--- START ---

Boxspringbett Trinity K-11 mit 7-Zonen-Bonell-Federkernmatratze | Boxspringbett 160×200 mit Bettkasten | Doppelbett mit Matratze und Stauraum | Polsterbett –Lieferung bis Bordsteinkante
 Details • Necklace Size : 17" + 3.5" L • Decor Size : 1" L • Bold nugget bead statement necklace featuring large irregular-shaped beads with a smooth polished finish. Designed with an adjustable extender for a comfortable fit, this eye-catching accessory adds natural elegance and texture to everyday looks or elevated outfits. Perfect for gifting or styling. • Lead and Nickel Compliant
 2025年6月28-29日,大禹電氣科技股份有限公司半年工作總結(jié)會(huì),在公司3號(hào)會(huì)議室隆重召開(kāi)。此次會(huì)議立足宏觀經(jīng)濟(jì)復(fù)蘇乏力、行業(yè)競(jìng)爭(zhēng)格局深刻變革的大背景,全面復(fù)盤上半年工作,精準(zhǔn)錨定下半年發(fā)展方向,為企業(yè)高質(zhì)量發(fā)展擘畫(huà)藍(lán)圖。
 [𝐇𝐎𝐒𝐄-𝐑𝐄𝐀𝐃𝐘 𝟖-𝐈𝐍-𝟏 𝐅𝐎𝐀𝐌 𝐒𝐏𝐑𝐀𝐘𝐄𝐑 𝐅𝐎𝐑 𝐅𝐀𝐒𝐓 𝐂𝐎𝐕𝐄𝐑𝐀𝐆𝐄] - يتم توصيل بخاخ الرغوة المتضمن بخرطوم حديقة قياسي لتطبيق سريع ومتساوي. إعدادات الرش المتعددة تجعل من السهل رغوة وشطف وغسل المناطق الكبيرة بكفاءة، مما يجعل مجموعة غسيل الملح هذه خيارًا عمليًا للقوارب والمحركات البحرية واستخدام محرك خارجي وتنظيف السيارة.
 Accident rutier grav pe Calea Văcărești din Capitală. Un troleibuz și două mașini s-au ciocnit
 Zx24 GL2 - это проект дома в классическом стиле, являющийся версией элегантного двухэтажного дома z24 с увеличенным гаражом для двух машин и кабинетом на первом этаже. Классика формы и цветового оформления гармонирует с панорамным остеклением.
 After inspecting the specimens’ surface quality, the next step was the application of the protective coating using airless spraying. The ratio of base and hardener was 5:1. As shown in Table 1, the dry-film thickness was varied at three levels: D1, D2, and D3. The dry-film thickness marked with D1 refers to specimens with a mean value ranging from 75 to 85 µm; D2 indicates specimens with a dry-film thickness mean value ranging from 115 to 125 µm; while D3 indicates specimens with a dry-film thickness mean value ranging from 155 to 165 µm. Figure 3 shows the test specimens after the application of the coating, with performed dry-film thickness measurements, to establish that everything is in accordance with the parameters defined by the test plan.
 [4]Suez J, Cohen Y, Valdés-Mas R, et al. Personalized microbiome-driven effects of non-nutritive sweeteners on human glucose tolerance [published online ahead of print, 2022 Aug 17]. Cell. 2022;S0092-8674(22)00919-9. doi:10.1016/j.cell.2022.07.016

--- END ---
--- START ---

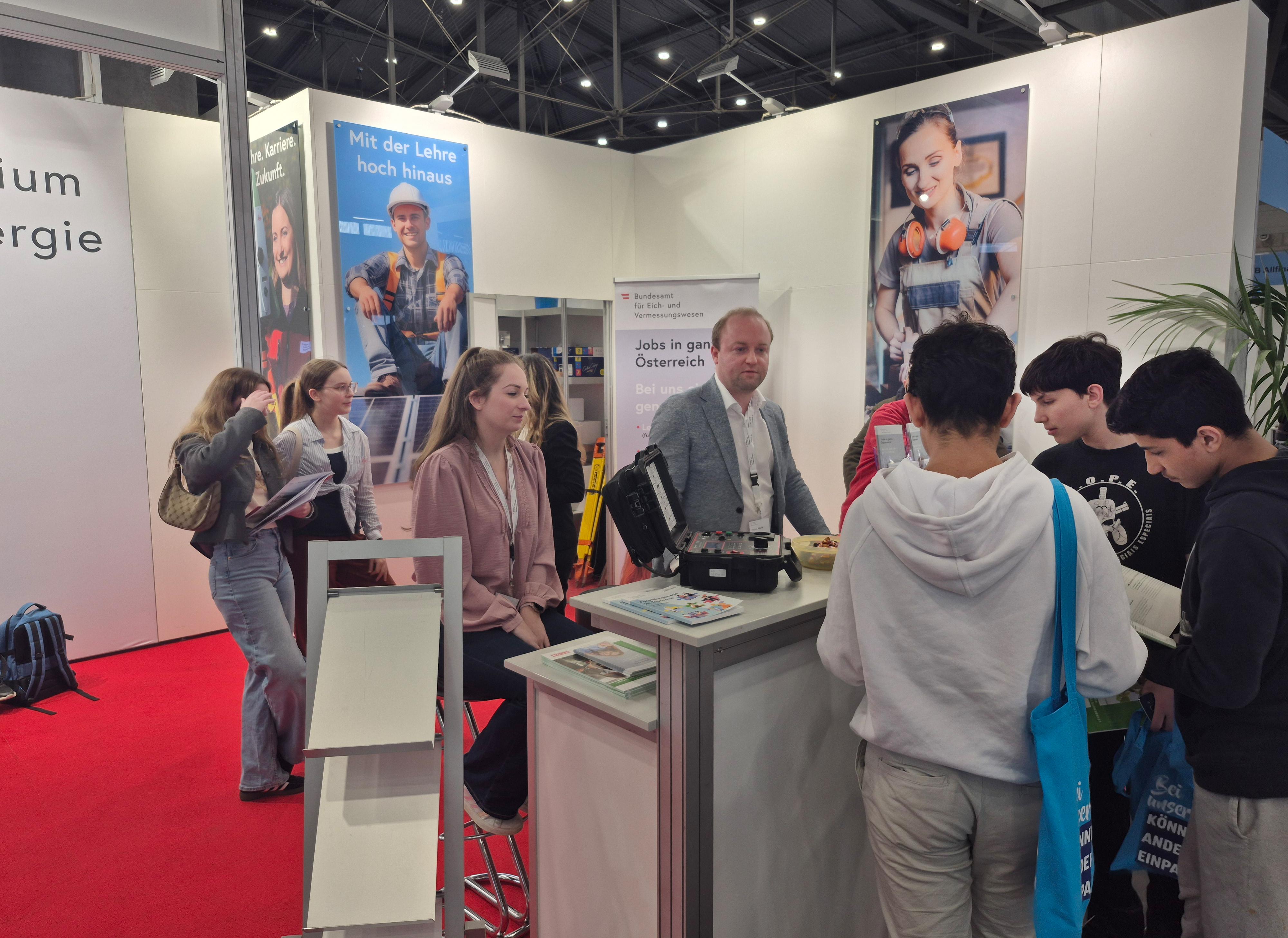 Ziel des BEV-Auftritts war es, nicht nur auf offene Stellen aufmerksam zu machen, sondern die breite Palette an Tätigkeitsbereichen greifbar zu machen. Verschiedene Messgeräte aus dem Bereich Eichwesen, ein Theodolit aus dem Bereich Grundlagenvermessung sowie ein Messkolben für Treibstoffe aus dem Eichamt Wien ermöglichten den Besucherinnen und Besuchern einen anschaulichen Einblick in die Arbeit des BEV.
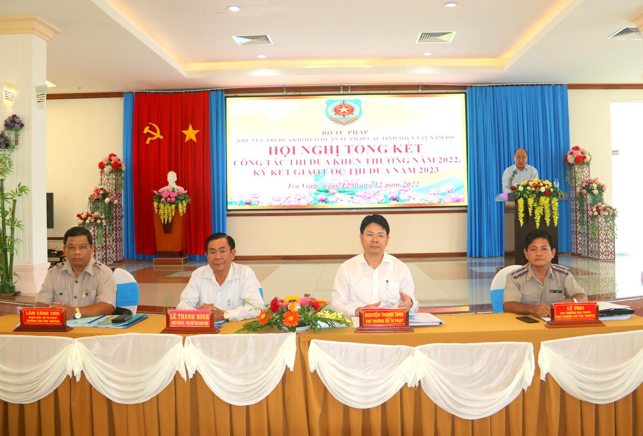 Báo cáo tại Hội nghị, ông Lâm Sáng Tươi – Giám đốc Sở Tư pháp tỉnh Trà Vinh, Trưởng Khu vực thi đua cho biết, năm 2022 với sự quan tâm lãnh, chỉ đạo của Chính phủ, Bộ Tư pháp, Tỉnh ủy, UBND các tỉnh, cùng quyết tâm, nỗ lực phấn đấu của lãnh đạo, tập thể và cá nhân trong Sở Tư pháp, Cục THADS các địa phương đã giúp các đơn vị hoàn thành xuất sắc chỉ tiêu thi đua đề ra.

--- END ---

Description of the task: Each line of the entries above that has the word "with" is to be copied.

Answer below:
 Details • Necklace Size : 17" + 3.5" L • Decor Size : 1" L • Bold nugget bead statement necklace featuring large irregular-shaped beads with a smooth polished finish. Designed with an adjustable extender for a comfortable fit, this eye-catching accessory adds natural elegance and texture to everyday looks or elevated outfits. Perfect for gifting or styling. • Lead and Nickel Compliant
 After inspecting the specimens’ surface quality, the next step was the application of the protective coating using airless spraying. The ratio of base and hardener was 5:1. As shown in Table 1, the dry-film thickness was varied at three levels: D1, D2, and D3. The dry-film thickness marked with D1 refers to specimens with a mean value ranging from 75 to 85 µm; D2 indicates specimens with a dry-film thickness mean value ranging from 115 to 125 µm; while D3 indicates specimens with a dry-film thickness mean value ranging from 155 to 165 µm. Figure 3 shows the test specimens after the application of the coating, with performed dry-film thickness measurements, to establish that everything is in accordance with the parameters defined by the test plan.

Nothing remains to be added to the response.